No.4 Hamilton Place chief operating officer Jonathan Byrne said: "Safe menus leave some guests unsurprised and underwhelmed. We wanted to show organisers how to create interesting menus without frightening the client or guests. Fish, poultry and chocolate can contribute to interesting menus, but there are a variety of options that can be used instead that won’t blow the budget."
Guests enjoyed beverages in the Council Room, before being led to the Bill Boeing Room where they were welcomed by Byrne.
Executive head chef at Dish, Tom Gore, asked guests to recall their favourite and worst menus at events, discussing what worked, what didn’t and why.
Julian Chamberlen from fine wine traders Goedhuis & Co presented an introduction into wine matching as guests were served starters and wine.
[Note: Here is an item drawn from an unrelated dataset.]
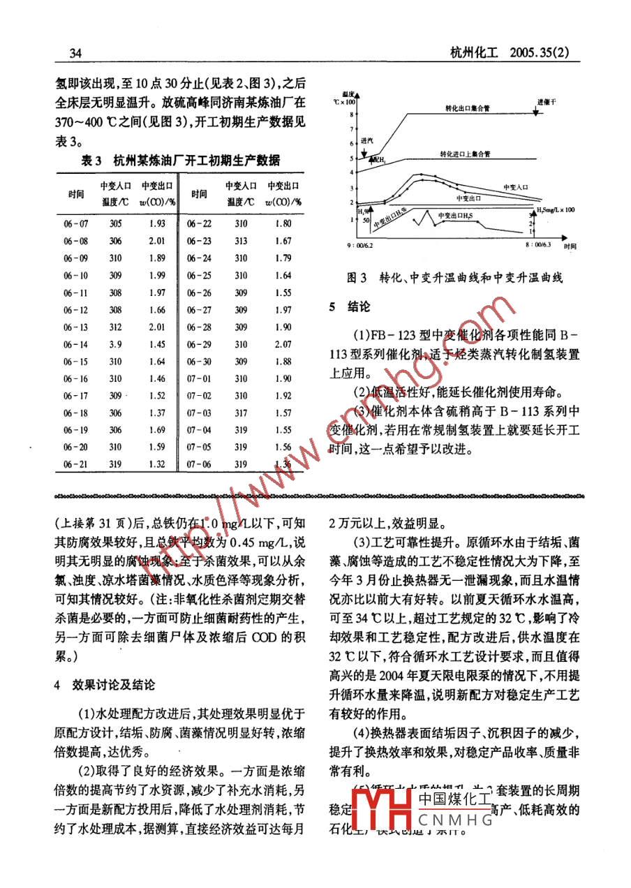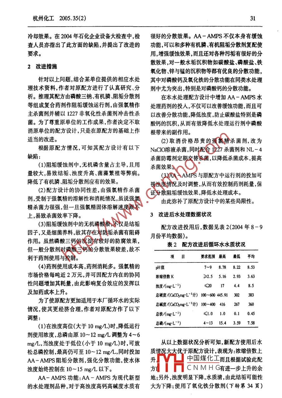 30杭州化工2005. 35(2)2 000 m3 /h循環(huán)水系統(tǒng)配方設(shè)計改進(jìn)俞志橋(中石化集團(tuán)杭州煉油廠,浙江杭州310005)摘要:介紹了煉油工藝2000m3/h循環(huán)水系統(tǒng)配方設(shè)計改進(jìn)的情況及效果,由此證明新配方的改進(jìn)是有效的,可行的。隨著AA- AMPS的加入和原配方設(shè)計用藥的調(diào)整使新配方的使用效果大大優(yōu)于原配方,取得了較好的成效。關(guān)鍵詞:循環(huán)水;配方設(shè)計;水處理;AA - AMPS循環(huán)冷卻水的處理除了先天的工藝條件外,1改進(jìn)前循環(huán)水水質(zhì)狀況-個理想的水處理藥劑配方對循環(huán)水水處理的成功與否有決定性的影響。一般說,循環(huán)水配方設(shè)改進(jìn)前(2004年1-6月份)循環(huán)水平均水質(zhì)計的主要原則是遵循相應(yīng)的水質(zhì)條件,運(yùn)行工況數(shù)據(jù)見表1。和技術(shù)經(jīng)濟(jì)的綜合比較。從實(shí)用的角度看,一個表1改進(jìn)前循環(huán)水水質(zhì)狀況成功的水處理配方應(yīng)具有緩蝕、阻垢、分散、殺菌項(xiàng)目要求范圍最高最低平均滅藻等整體功能。在許多水處理藥劑中,很少有一種藥劑能同時兼有以上各種功能的,因此,-一個pH值7.5~9 9.12 7.08 8.21旅縮倍敷K2.0~3.5 2.72 1.60 2.20配方中往往有多種藥劑組成,甚至同一種功能有時也會選擇兩種以上的藥劑復(fù)合使用,以利用其濁度/

Liberty events manager Dessi Greenwood said: "It was a great event. We all got rather competitive in our teams trying to work out the ingredients and form the correct menus. The interactive elements of tasting and discussing were just right and gave me a few ideas to think about for forthcoming events."
• Chicken liver parfait, goose fat potatoes, grape chutney and glazed fig.
• Mackerel and horseradish salad, rocket, dried tomatoes and aged balsamic rubbed on ciabatta.
• Veal wrapped in pancetta, caramelised apple and spring onion and chorizo potato, spring greens and rhubarb and apple jelly.
• Orange mousse with carrot cake and orange puree.
• Date and vanilla tart with mandarin ice cream and pistachio sugar crunch.